TASK OBJECTIVE: Your answer must be the records below, given again exactly, with no pictures in it.

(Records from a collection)
########################################

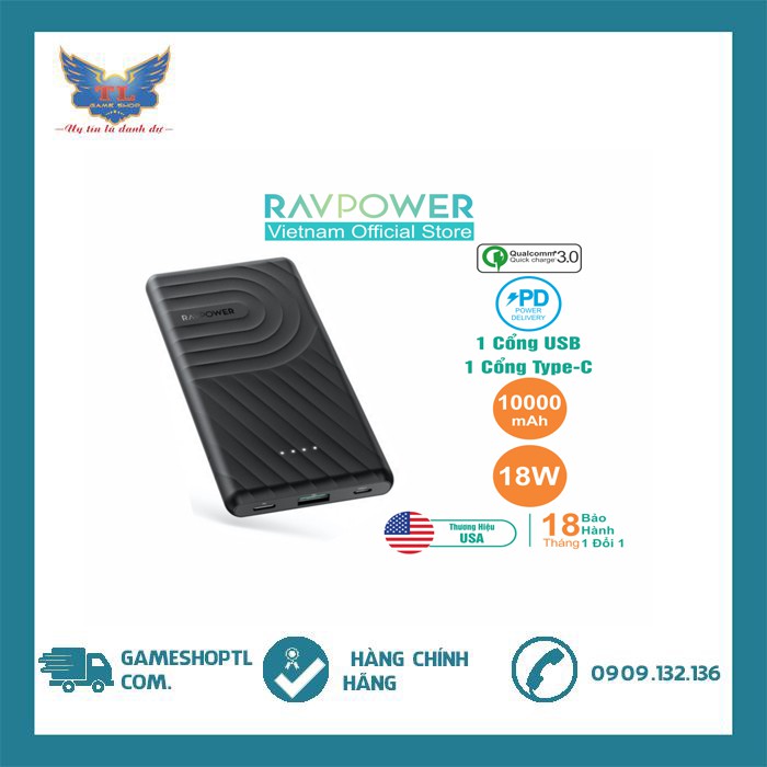 Điện Thoại & Phụ Kiện > Phụ kiện > Sạc dự phòng & Pin > Sạc dự phòng || Pin Sạc Dự Phòng RAVPower 10000mAh In/Out Type-C PD 18W, Quick Charge 3.0 - RP-PB195 -Còn hàng
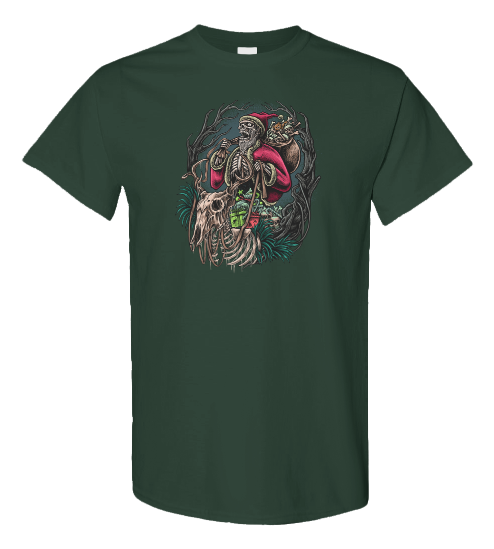Santa Claus is coming to town... from the grave! This dark and detailed illustration features a zombie/skeletal St. Nick in tattered holiday robes, surrounded by dead trees and the bones of his former sleigh team. A perfect alternative design for punk, metal, or horror fans looking to subvert the traditional Christmas cheer.
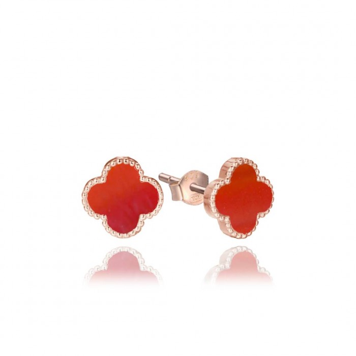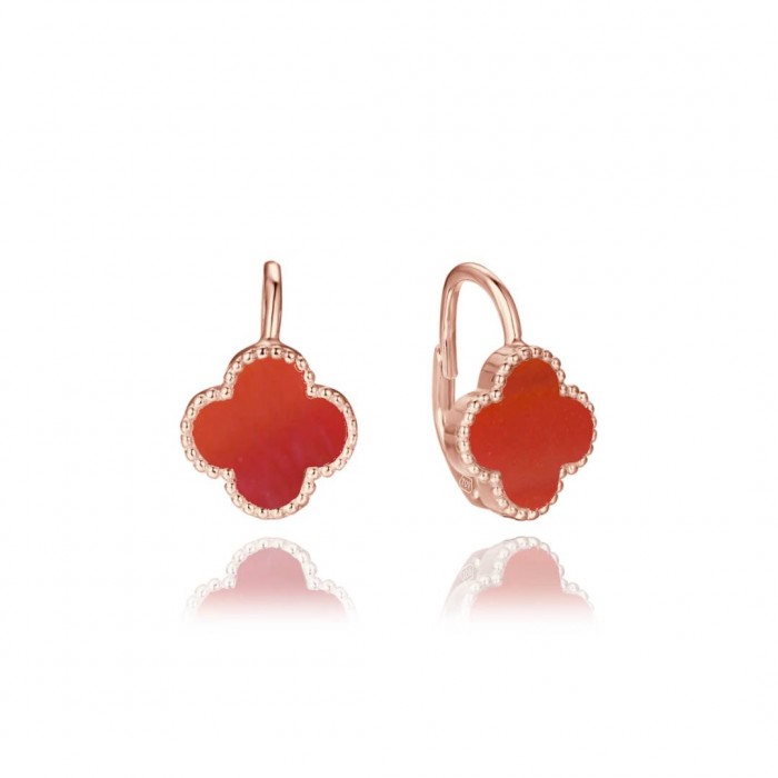 Bransoletka srebrna pr. 925 pozłacana na różowo z zawieszkami o kształcie koniczyny, zdobionymi agatem i onyksem.
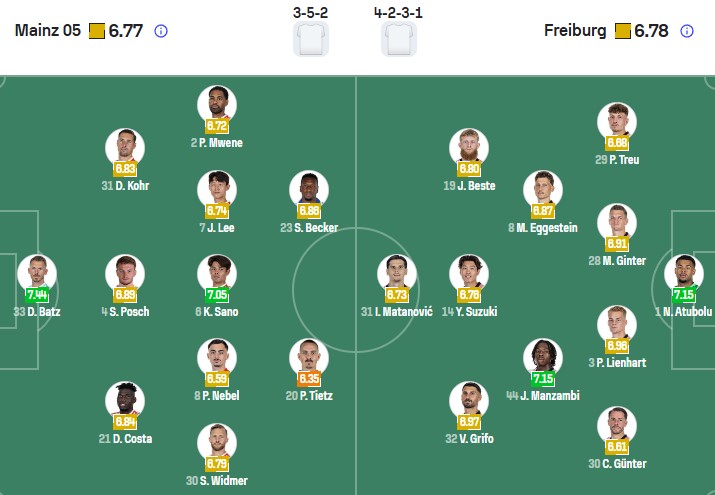 Đội hình dự kiến Mainz vs Freiburg:
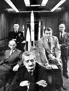 Fotografía de 1956 en la que aparecen los directores del programa de desarrollo de misiles para el ejército estadounidense (conocido como ABMA, Army Ballistic Missile Agency):
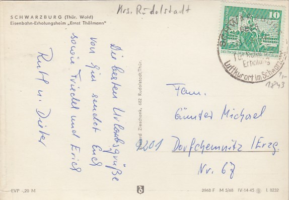 Schwarzburg in Thüringen Reichsbahn-Erholungsheim 1968
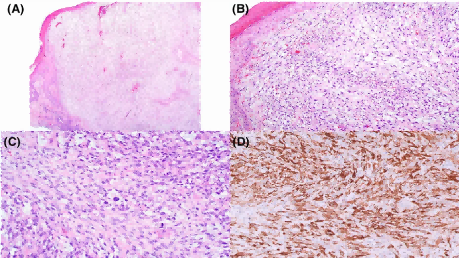 皮肤原发肉瘤样鳞状细胞癌具体表现为非典型梭形细胞和上皮样细胞,排列呈拉长、相互交织的束状。有4例的瘤细胞排列呈席纹状,伴蜂窝样纤维肉瘤样区域。34例可见溃疡。大部分(85%)病例主要为梭形细胞构成,其余病例则为上皮样细胞和梭形细胞混合构成。瘤细胞呈梭形、上皮样,细胞核深染,有多形性,有居中的显著核仁。肿瘤整个范围内核分裂易见,也有非典型核分裂。39例可见神经周围侵犯,2例可见血管侵犯。
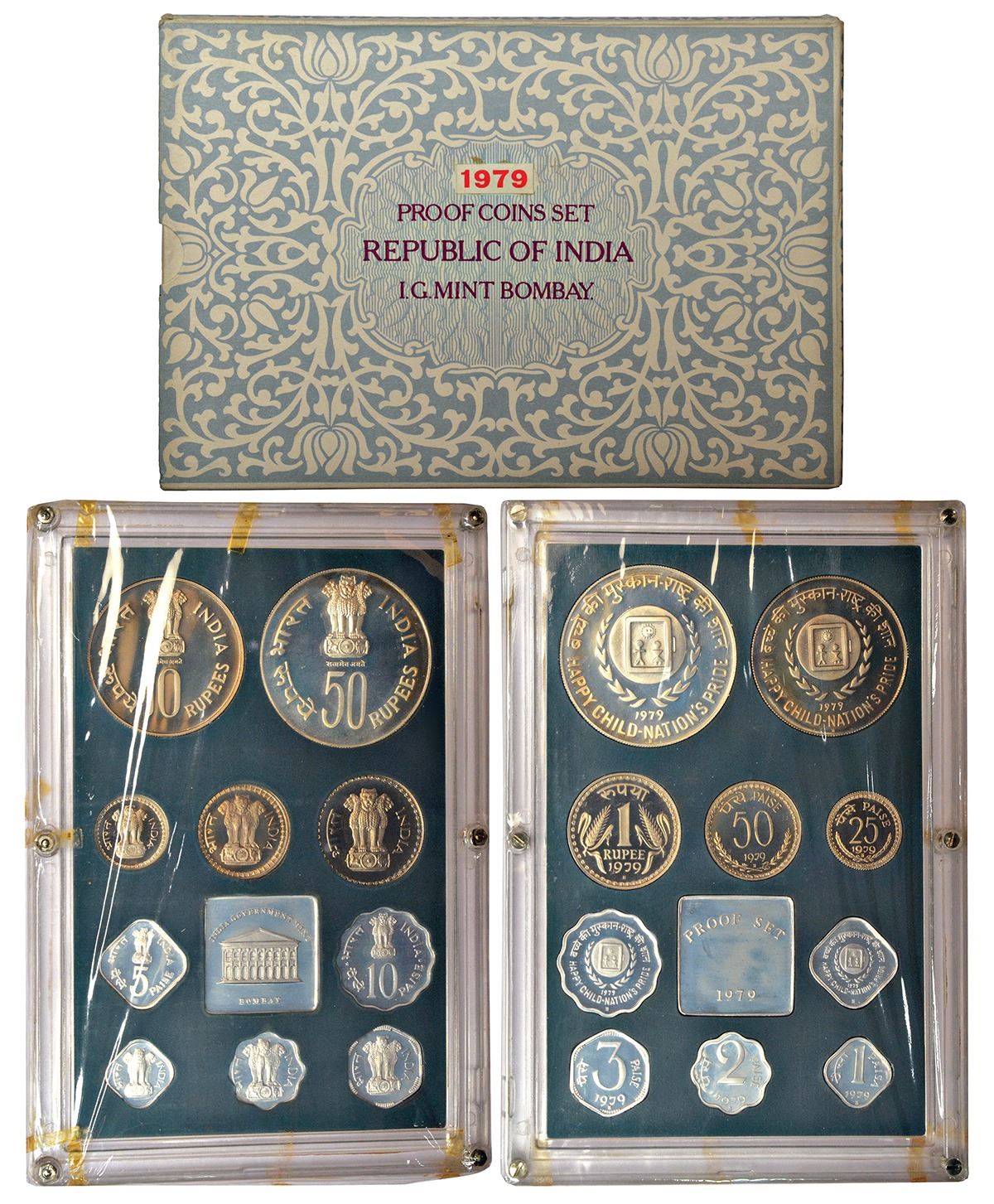1979, Happy Child Nation's Pride, Proof set of 10 coins, 50 rupees, 10 rupees, 1 rupee, 50 paise, 25 paise, 10 paise, 5 paise, 3 paise, 2 paise and 1 paisa, Bombay mint, RB 71, in original mint packing, weather effect on 50 rupees coin.

########################################

OUTPUT:
 Điện Thoại & Phụ Kiện > Phụ kiện > Sạc dự phòng & Pin > Sạc dự phòng || Pin Sạc Dự Phòng RAVPower 10000mAh In/Out Type-C PD 18W, Quick Charge 3.0 - RP-PB195 -Còn hàng
Santa Claus is coming to town... from the grave! This dark and detailed illustration features a zombie/skeletal St. Nick in tattered holiday robes, surrounded by dead trees and the bones of his former sleigh team. A perfect alternative design for punk, metal, or horror fans looking to subvert the traditional Christmas cheer.
 Bransoletka srebrna pr. 925 pozłacana na różowo z zawieszkami o kształcie koniczyny, zdobionymi agatem i onyksem.
 Đội hình dự kiến Mainz vs Freiburg:
 Fotografía de 1956 en la que aparecen los directores del programa de desarrollo de misiles para el ejército estadounidense (conocido como ABMA, Army Ballistic Missile Agency):
 Schwarzburg in Thüringen Reichsbahn-Erholungsheim 1968
 皮肤原发肉瘤样鳞状细胞癌具体表现为非典型梭形细胞和上皮样细胞,排列呈拉长、相互交织的束状。有4例的瘤细胞排列呈席纹状,伴蜂窝样纤维肉瘤样区域。34例可见溃疡。大部分(85%)病例主要为梭形细胞构成,其余病例则为上皮样细胞和梭形细胞混合构成。瘤细胞呈梭形、上皮样,细胞核深染,有多形性,有居中的显著核仁。肿瘤整个范围内核分裂易见,也有非典型核分裂。39例可见神经周围侵犯,2例可见血管侵犯。
1979, Happy Child Nation's Pride, Proof set of 10 coins, 50 rupees, 10 rupees, 1 rupee, 50 paise, 25 paise, 10 paise, 5 paise, 3 paise, 2 paise and 1 paisa, Bombay mint, RB 71, in original mint packing, weather effect on 50 rupees coin.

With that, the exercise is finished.